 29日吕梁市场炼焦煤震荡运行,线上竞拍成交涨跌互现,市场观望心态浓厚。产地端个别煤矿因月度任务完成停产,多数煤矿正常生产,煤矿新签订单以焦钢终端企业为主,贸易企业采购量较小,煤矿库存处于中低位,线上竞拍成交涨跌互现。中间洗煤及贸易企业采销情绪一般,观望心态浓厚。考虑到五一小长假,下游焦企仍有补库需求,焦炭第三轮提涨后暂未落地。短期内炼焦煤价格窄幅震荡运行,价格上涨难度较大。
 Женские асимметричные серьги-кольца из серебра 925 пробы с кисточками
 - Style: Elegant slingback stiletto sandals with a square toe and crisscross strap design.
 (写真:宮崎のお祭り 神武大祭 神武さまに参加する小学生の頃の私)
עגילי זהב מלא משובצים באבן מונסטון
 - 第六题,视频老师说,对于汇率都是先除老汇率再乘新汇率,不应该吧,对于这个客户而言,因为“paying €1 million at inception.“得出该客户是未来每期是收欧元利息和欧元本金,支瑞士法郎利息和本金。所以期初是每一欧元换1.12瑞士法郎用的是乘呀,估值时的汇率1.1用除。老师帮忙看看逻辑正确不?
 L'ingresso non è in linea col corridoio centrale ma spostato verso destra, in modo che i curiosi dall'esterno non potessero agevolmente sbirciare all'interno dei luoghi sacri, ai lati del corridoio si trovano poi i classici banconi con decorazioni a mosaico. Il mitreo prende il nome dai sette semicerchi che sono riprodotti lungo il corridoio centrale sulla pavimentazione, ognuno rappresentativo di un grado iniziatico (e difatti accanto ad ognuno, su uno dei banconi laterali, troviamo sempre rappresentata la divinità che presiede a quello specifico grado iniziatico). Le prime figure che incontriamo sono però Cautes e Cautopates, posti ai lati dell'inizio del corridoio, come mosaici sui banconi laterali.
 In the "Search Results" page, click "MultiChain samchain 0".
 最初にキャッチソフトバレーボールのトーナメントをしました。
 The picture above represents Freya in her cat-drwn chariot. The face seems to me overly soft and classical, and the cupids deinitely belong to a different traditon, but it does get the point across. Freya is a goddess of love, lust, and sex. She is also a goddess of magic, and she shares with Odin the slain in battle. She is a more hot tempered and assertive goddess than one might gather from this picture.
□ □ □ □ □
● Your instructions
Restate the material word for word, but only from its first line through the line containing "- Style: Elegant".

● Reply
 29日吕梁市场炼焦煤震荡运行,线上竞拍成交涨跌互现,市场观望心态浓厚。产地端个别煤矿因月度任务完成停产,多数煤矿正常生产,煤矿新签订单以焦钢终端企业为主,贸易企业采购量较小,煤矿库存处于中低位,线上竞拍成交涨跌互现。中间洗煤及贸易企业采销情绪一般,观望心态浓厚。考虑到五一小长假,下游焦企仍有补库需求,焦炭第三轮提涨后暂未落地。短期内炼焦煤价格窄幅震荡运行,价格上涨难度较大。
 Женские асимметричные серьги-кольца из серебра 925 пробы с кисточками
 - Style: Elegant slingback stiletto sandals with a square toe and crisscross strap design.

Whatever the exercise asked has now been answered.